Benchmark Client

A small tool you run on your own computer to measure how fast your local AI models are. Results are shared anonymously with the community.

Download

Pick your platform. No installation needed — just download and run.

On Linux or macOS, make the file executable first: chmod +x llm-benchmark*

How it works

You need Ollama, LM Studio, vLLM, or HF TGI running locally with at least one model loaded. The whole process takes about 5–15 minutes.

1
Run the client
Open a terminal, navigate to where you downloaded the file, and run it. It starts an interactive prompt.
2
Select your AI tool and model
The client automatically finds any running AI tools on your machine and lists the available models.
3
Wait for the benchmark
It sends a series of test prompts to your model and measures how fast it responds.
4
Results are submitted
Once done, the results are automatically added to the community leaderboard so everyone can compare.

What data is collected

What is sent

  • GPU model and video memory size
  • CPU model and number of cores
  • Total system RAM
  • Operating system name and version
  • AI tool name and version (e.g.
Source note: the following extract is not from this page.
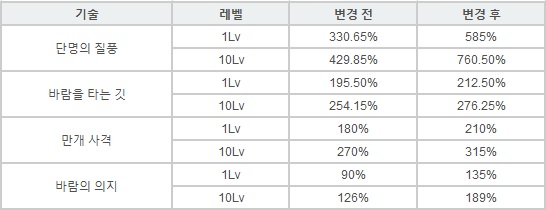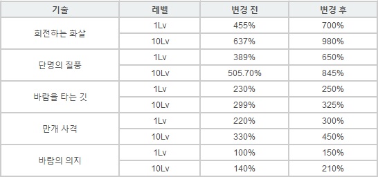 [회전 베기] 기술의 '슈퍼 아머' 효과를 삭제하는 대신, [단명의 질풍] 기술에 '기술 사용 중 슈퍼 아머' 효과를 추가했다. 또 '넉다운' 효과를 '기절'로 변경했다. 재사용 대기 시간은 1초 감소했으며 다음 기술로의 연계가 빠르도록 개선했다. [화살 분출] 기술의 화살 속도 및 사거리를 상향하고 '넉다운' 효과를 추가했다.

Ollama 0.3)
  • Model name and parameter size (e.g. llama3 8B)
  • Benchmark results: generation speed, memory usage, time to first token
  • The benchmark prompt texts and your model's responses to them (for server-side output quality scoring)

What is never sent

  • Your name, email, or any personal information
  • Your IP address (not stored)
  • Your model weights or any local files
  • Your own conversations or chat history
The only purpose of data collection is to power the community comparison tables on this site. All submitted results are public and visible to everyone.